Task prompt |
Return the data verbatim, without pictures.

Information shown |
= Beginning of Section =

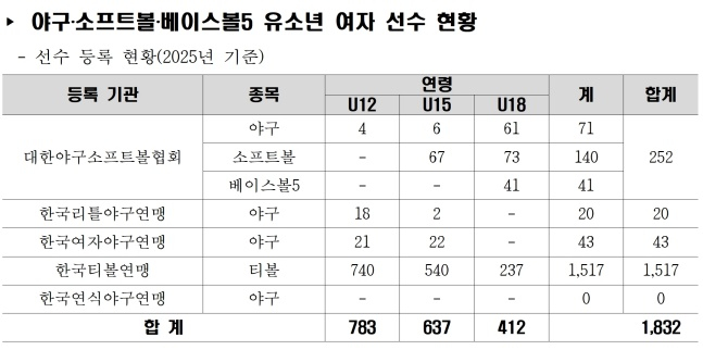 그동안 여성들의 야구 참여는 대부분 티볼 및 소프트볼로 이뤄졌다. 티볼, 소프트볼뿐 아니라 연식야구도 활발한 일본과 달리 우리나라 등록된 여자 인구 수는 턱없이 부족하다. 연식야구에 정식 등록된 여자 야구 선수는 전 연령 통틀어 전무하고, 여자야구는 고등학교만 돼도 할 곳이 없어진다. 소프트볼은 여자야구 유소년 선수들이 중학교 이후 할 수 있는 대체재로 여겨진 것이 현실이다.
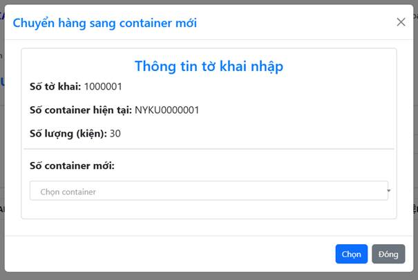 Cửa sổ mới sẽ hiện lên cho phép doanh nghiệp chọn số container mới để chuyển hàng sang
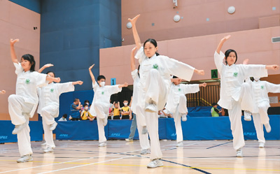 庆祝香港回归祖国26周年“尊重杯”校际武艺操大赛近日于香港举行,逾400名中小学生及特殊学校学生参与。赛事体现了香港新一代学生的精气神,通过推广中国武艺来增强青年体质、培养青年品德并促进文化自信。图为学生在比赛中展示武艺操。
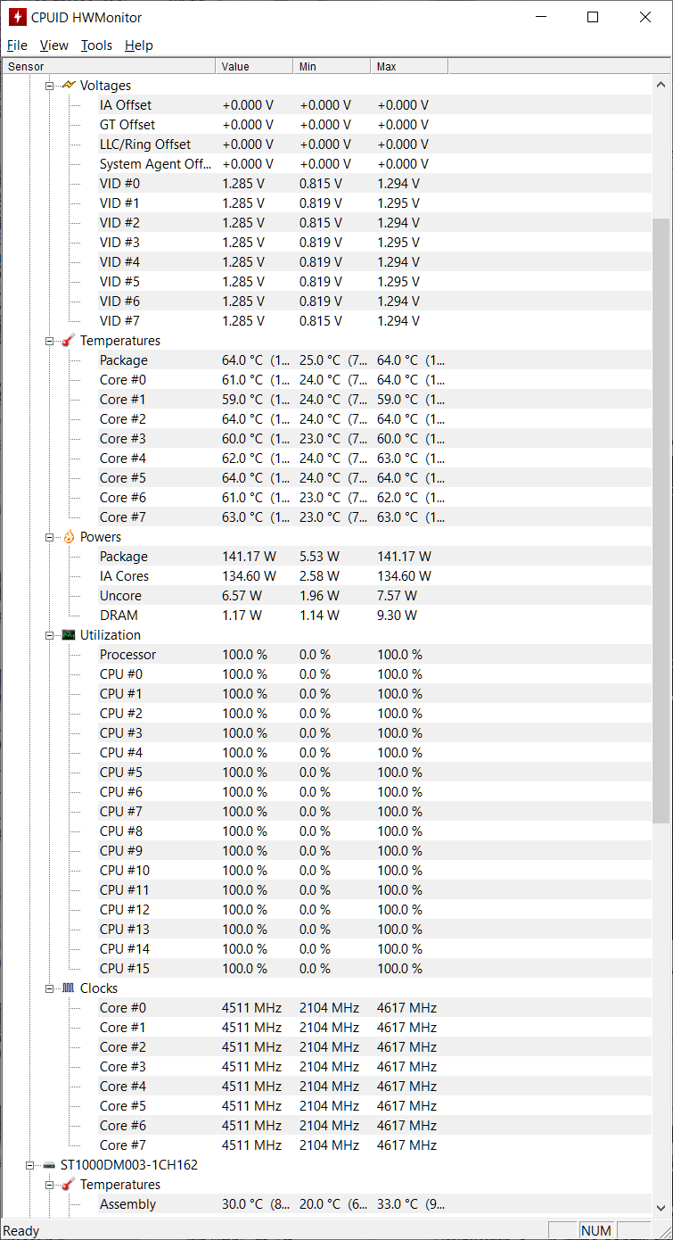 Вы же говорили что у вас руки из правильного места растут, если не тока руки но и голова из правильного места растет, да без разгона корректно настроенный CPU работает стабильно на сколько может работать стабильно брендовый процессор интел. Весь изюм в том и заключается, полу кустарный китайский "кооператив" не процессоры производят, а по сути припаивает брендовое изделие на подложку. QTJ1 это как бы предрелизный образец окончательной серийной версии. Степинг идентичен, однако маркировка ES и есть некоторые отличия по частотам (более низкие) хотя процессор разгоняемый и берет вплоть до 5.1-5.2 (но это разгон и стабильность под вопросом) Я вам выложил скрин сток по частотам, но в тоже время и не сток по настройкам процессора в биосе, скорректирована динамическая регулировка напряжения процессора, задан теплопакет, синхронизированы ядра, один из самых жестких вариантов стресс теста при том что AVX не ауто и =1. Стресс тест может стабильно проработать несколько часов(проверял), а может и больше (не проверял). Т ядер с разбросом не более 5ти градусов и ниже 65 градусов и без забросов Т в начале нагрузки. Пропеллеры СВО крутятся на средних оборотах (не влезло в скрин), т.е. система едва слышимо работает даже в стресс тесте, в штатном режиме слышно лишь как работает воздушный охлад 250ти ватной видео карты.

= End of Section =

Your response |
 그동안 여성들의 야구 참여는 대부분 티볼 및 소프트볼로 이뤄졌다. 티볼, 소프트볼뿐 아니라 연식야구도 활발한 일본과 달리 우리나라 등록된 여자 인구 수는 턱없이 부족하다. 연식야구에 정식 등록된 여자 야구 선수는 전 연령 통틀어 전무하고, 여자야구는 고등학교만 돼도 할 곳이 없어진다. 소프트볼은 여자야구 유소년 선수들이 중학교 이후 할 수 있는 대체재로 여겨진 것이 현실이다.
 Cửa sổ mới sẽ hiện lên cho phép doanh nghiệp chọn số container mới để chuyển hàng sang
 庆祝香港回归祖国26周年“尊重杯”校际武艺操大赛近日于香港举行,逾400名中小学生及特殊学校学生参与。赛事体现了香港新一代学生的精气神,通过推广中国武艺来增强青年体质、培养青年品德并促进文化自信。图为学生在比赛中展示武艺操。
 Вы же говорили что у вас руки из правильного места растут, если не тока руки но и голова из правильного места растет, да без разгона корректно настроенный CPU работает стабильно на сколько может работать стабильно брендовый процессор интел. Весь изюм в том и заключается, полу кустарный китайский "кооператив" не процессоры производят, а по сути припаивает брендовое изделие на подложку. QTJ1 это как бы предрелизный образец окончательной серийной версии. Степинг идентичен, однако маркировка ES и есть некоторые отличия по частотам (более низкие) хотя процессор разгоняемый и берет вплоть до 5.1-5.2 (но это разгон и стабильность под вопросом) Я вам выложил скрин сток по частотам, но в тоже время и не сток по настройкам процессора в биосе, скорректирована динамическая регулировка напряжения процессора, задан теплопакет, синхронизированы ядра, один из самых жестких вариантов стресс теста при том что AVX не ауто и =1. Стресс тест может стабильно проработать несколько часов(проверял), а может и больше (не проверял). Т ядер с разбросом не более 5ти градусов и ниже 65 градусов и без забросов Т в начале нагрузки. Пропеллеры СВО крутятся на средних оборотах (не влезло в скрин), т.е. система едва слышимо работает даже в стресс тесте, в штатном режиме слышно лишь как работает воздушный охлад 250ти ватной видео карты.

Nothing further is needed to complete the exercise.